## DATASET RECORDS
┌──
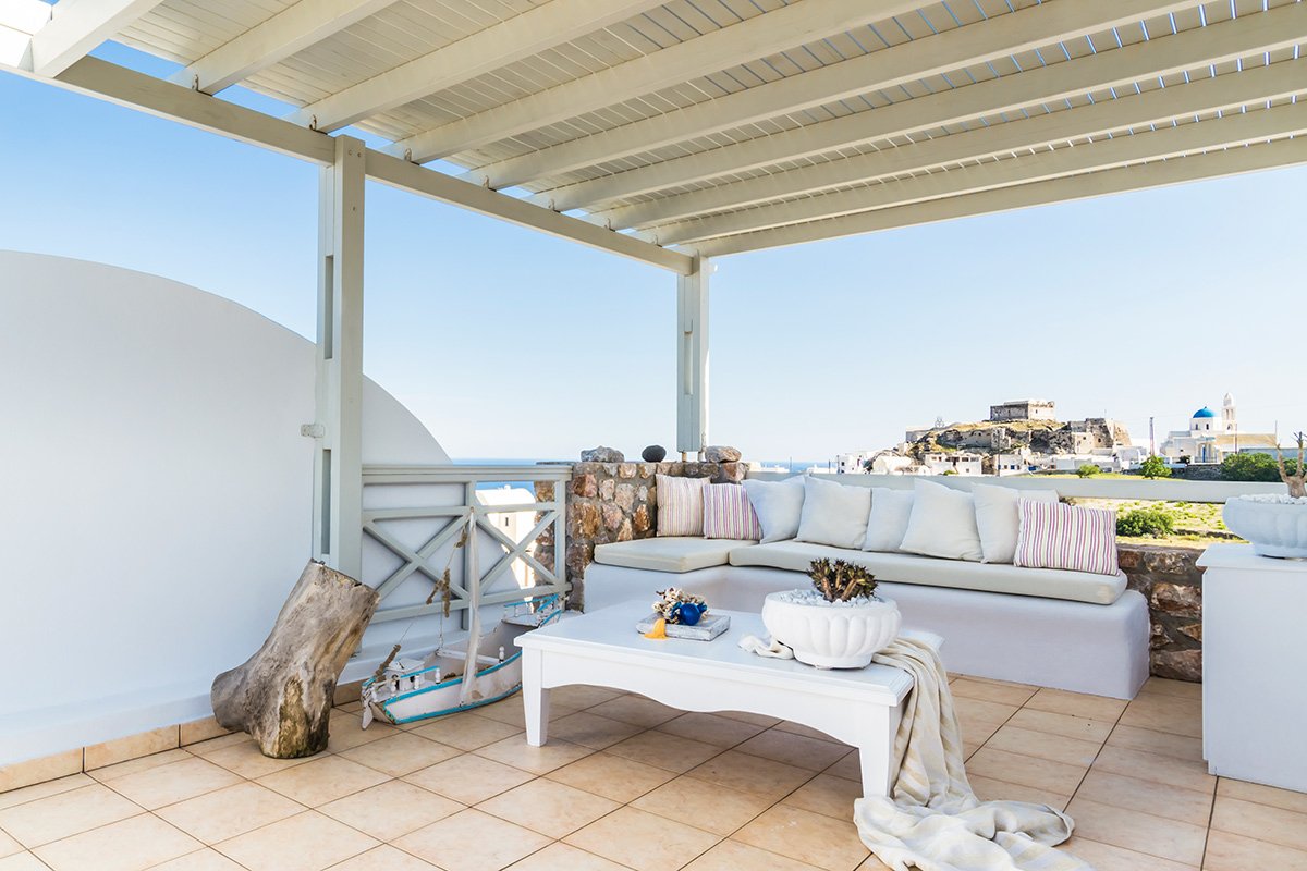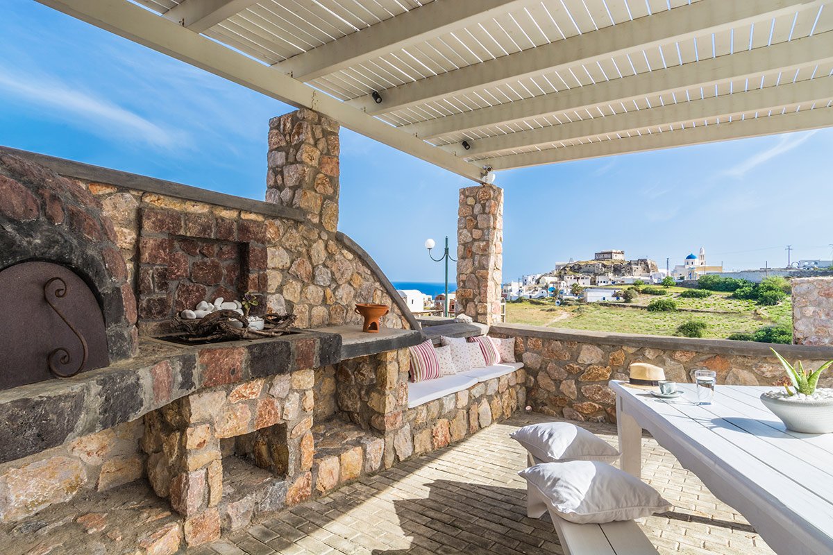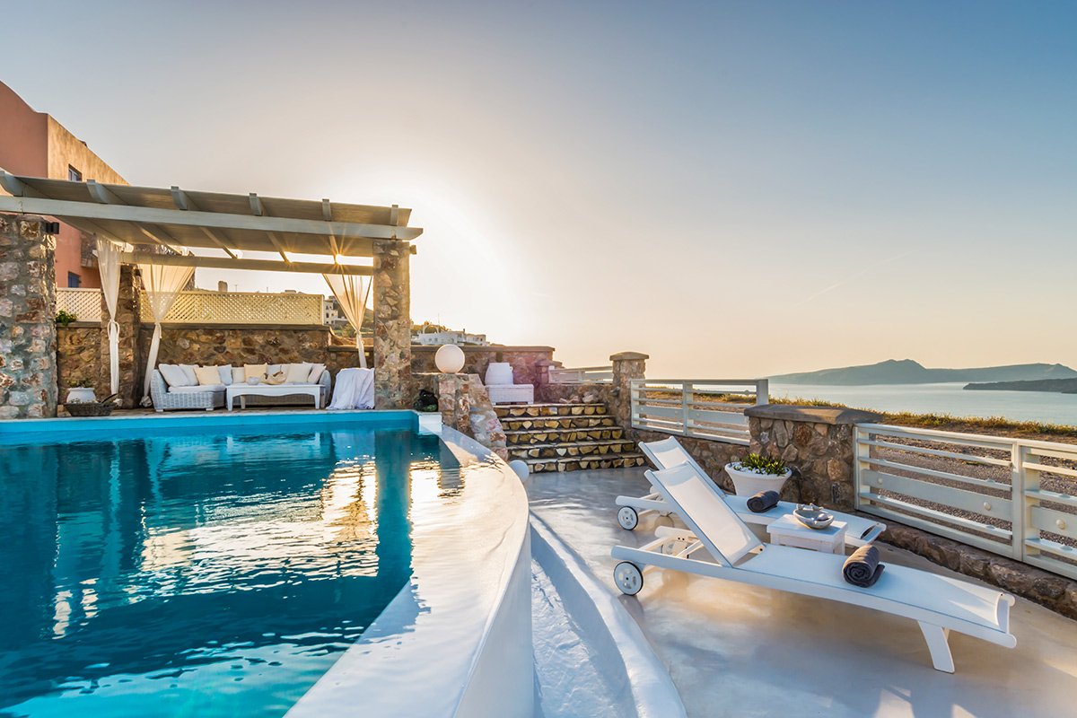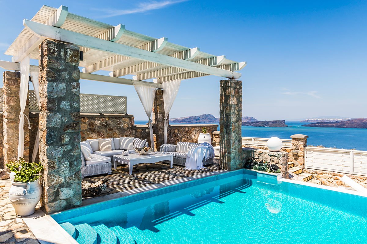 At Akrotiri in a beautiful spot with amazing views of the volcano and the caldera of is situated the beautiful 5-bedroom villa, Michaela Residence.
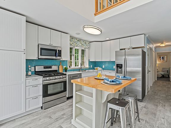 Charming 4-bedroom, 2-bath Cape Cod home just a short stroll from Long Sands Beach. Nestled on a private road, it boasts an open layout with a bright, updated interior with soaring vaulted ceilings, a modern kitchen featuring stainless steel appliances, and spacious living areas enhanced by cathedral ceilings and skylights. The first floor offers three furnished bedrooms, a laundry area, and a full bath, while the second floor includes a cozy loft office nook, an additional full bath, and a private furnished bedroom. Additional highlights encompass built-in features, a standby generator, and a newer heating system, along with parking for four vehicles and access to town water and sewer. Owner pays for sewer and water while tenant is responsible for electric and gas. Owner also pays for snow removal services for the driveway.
└──
┌──
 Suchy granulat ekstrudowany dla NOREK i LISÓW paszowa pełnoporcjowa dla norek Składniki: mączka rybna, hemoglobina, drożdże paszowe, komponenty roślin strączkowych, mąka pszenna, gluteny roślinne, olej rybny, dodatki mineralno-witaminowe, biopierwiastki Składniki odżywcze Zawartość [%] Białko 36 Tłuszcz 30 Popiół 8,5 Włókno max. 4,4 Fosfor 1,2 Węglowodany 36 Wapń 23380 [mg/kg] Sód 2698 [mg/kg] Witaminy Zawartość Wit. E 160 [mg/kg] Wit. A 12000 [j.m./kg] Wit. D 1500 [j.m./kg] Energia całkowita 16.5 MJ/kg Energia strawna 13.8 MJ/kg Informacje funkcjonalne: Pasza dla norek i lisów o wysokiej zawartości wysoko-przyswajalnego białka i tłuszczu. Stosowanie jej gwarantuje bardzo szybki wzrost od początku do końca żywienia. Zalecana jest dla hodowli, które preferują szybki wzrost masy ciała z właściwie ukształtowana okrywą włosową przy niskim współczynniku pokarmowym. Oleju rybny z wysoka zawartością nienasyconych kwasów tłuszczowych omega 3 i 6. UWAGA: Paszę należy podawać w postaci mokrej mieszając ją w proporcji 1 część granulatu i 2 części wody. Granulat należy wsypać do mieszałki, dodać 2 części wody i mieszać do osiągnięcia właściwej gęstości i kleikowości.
└──
## ASSIGNMENT
Output exactly, and only, the lines of the entries above from the one with "At Akrotiri in" up to and including the one with "Charming 4-bedroom, 2-bath"; pictures are to be left out.

## REPLY
 At Akrotiri in a beautiful spot with amazing views of the volcano and the caldera of is situated the beautiful 5-bedroom villa, Michaela Residence.
 Charming 4-bedroom, 2-bath Cape Cod home just a short stroll from Long Sands Beach. Nestled on a private road, it boasts an open layout with a bright, updated interior with soaring vaulted ceilings, a modern kitchen featuring stainless steel appliances, and spacious living areas enhanced by cathedral ceilings and skylights. The first floor offers three furnished bedrooms, a laundry area, and a full bath, while the second floor includes a cozy loft office nook, an additional full bath, and a private furnished bedroom. Additional highlights encompass built-in features, a standby generator, and a newer heating system, along with parking for four vehicles and access to town water and sewer. Owner pays for sewer and water while tenant is responsible for electric and gas. Owner also pays for snow removal services for the driveway.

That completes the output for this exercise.